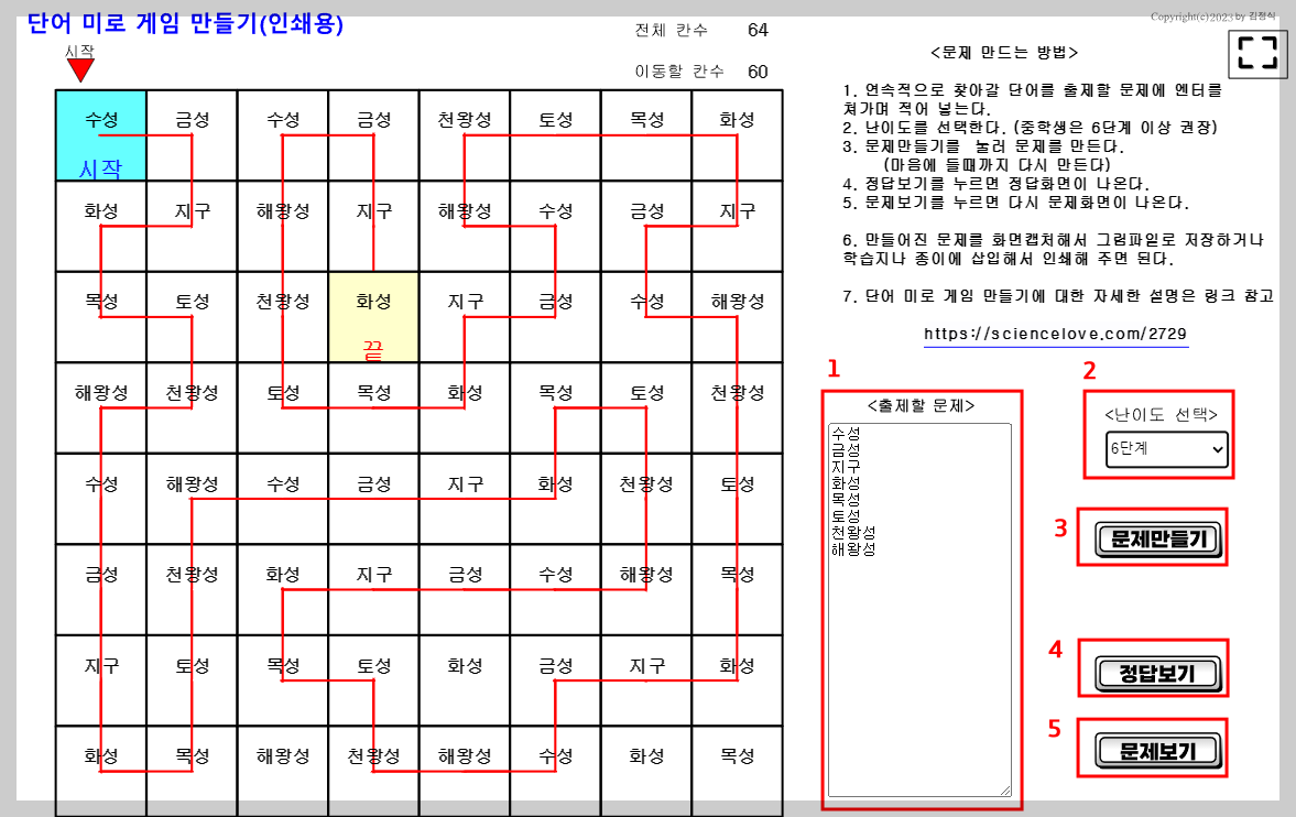 단어 미로 게임 만들기 아래 링크에 접속해서 만들면 된다. https://sciencej.cafe24.com/html5/danmiro/danmiromaker.html 1. 원하는 단어를 한줄에 하나씩 순서대로 입력한다. 단어 길이는 최대 8글자(영어는16글
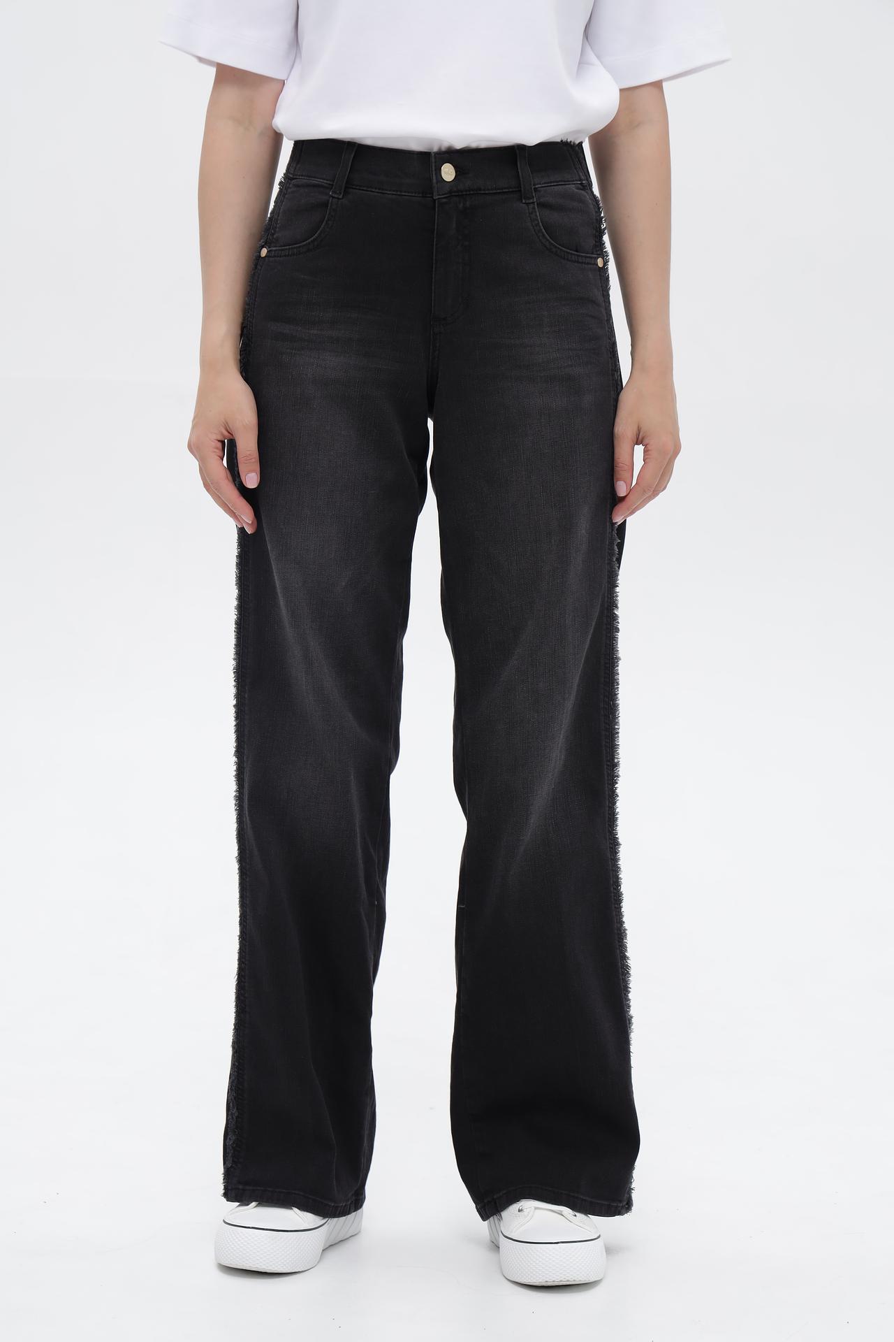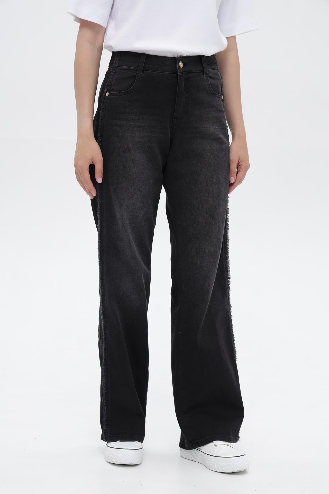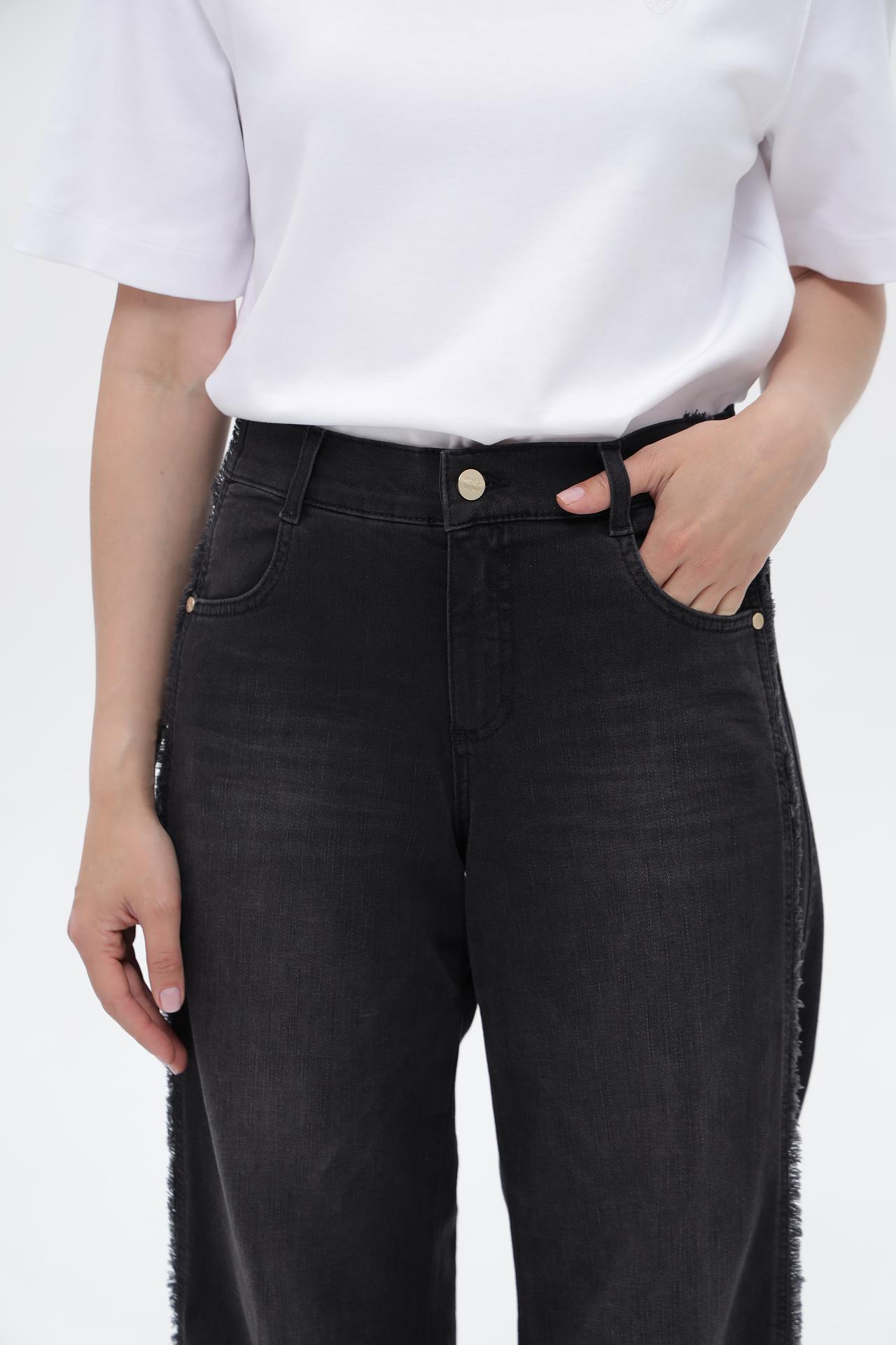 - Дизайн: Прямой крой брючин и высокая посадка создают элегантный силуэт. Детали в виде необработанного края по низу брючин придают модели актуальный вид.
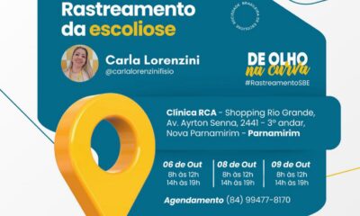 De 06 a 11 de outubro acontece o Rastreamento Nacional da Escoliose! Membros da Sociedade Brasileira de Escoliose estarão em diversas cidades do Brasil realizando gratuitamente...
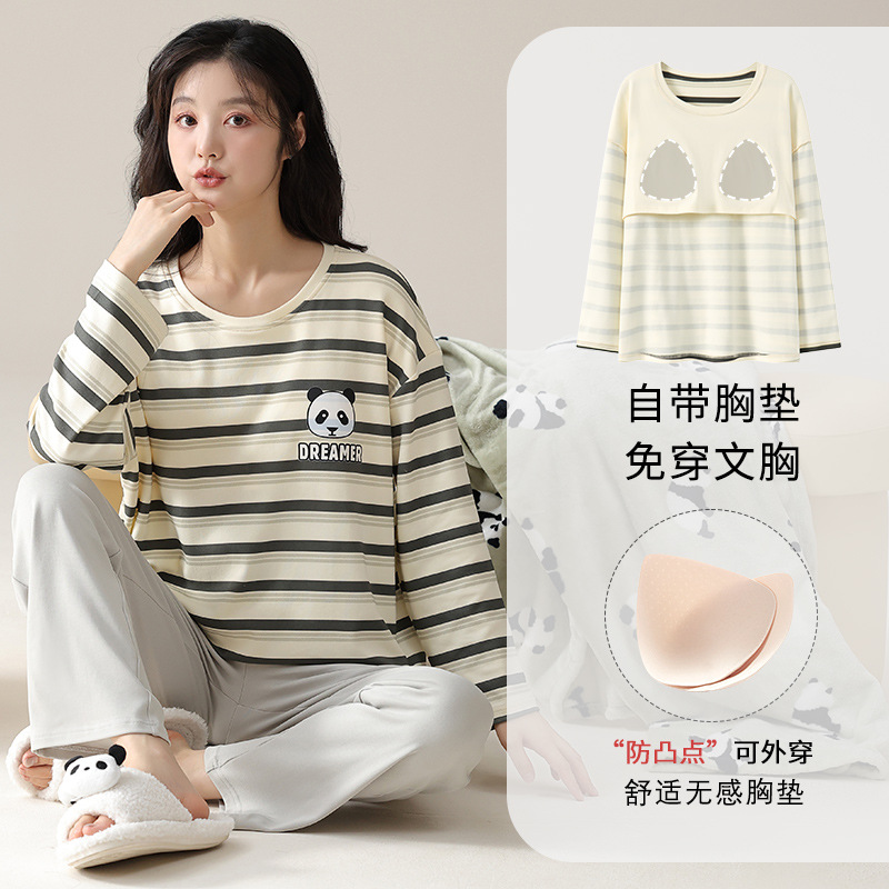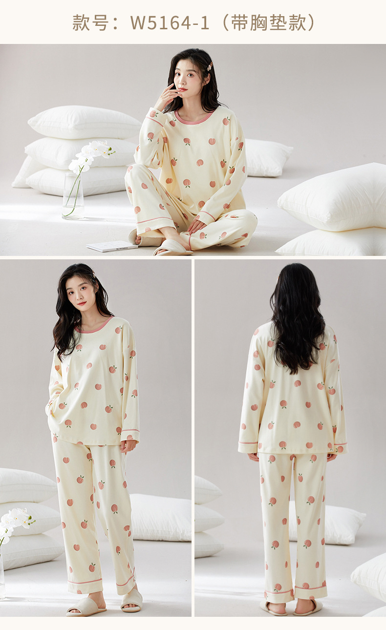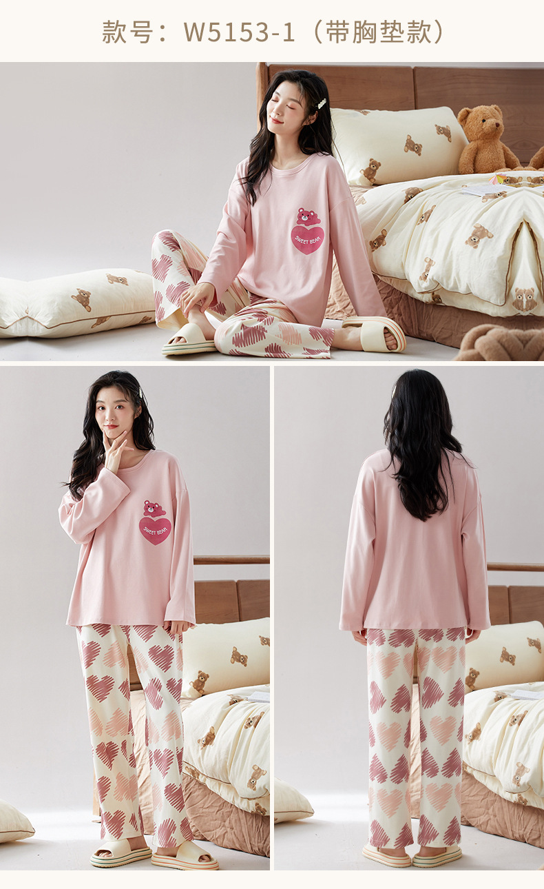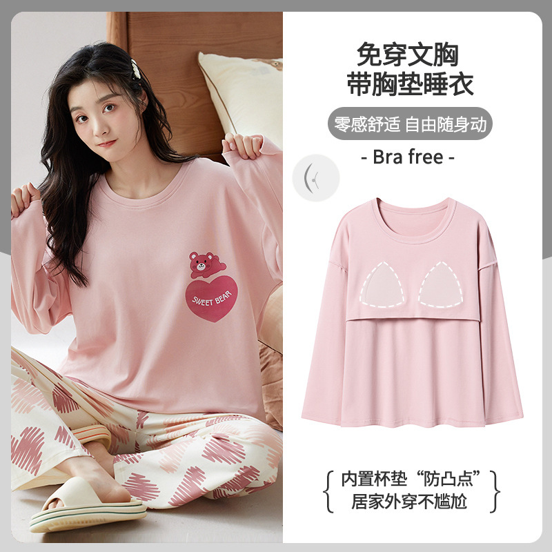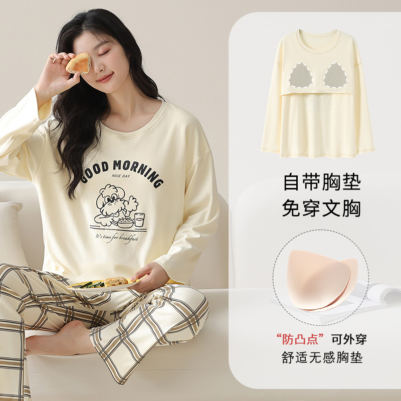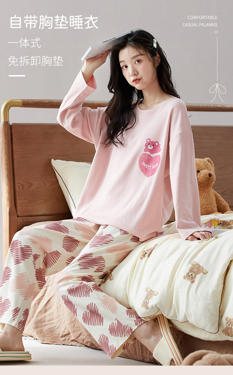 가슴 패드가 있는 도매 순면 긴팔 잠옷, 여성용 라운드 넥 슈트, 달콤하고 캐주얼하며 외부에서 착용 가능, 가을 겨울용 볼록 방지 가정복스토어 가기

__GOAL OF THE EXERCISE__. Give the listing above again in its entirety, exactly as written and free of images.

__THE COMPLETED TASK__.
 단어 미로 게임 만들기 아래 링크에 접속해서 만들면 된다. https://sciencej.cafe24.com/html5/danmiro/danmiromaker.html 1. 원하는 단어를 한줄에 하나씩 순서대로 입력한다. 단어 길이는 최대 8글자(영어는16글
 - Дизайн: Прямой крой брючин и высокая посадка создают элегантный силуэт. Детали в виде необработанного края по низу брючин придают модели актуальный вид.
 De 06 a 11 de outubro acontece o Rastreamento Nacional da Escoliose! Membros da Sociedade Brasileira de Escoliose estarão em diversas cidades do Brasil realizando gratuitamente...
 가슴 패드가 있는 도매 순면 긴팔 잠옷, 여성용 라운드 넥 슈트, 달콤하고 캐주얼하며 외부에서 착용 가능, 가을 겨울용 볼록 방지 가정복스토어 가기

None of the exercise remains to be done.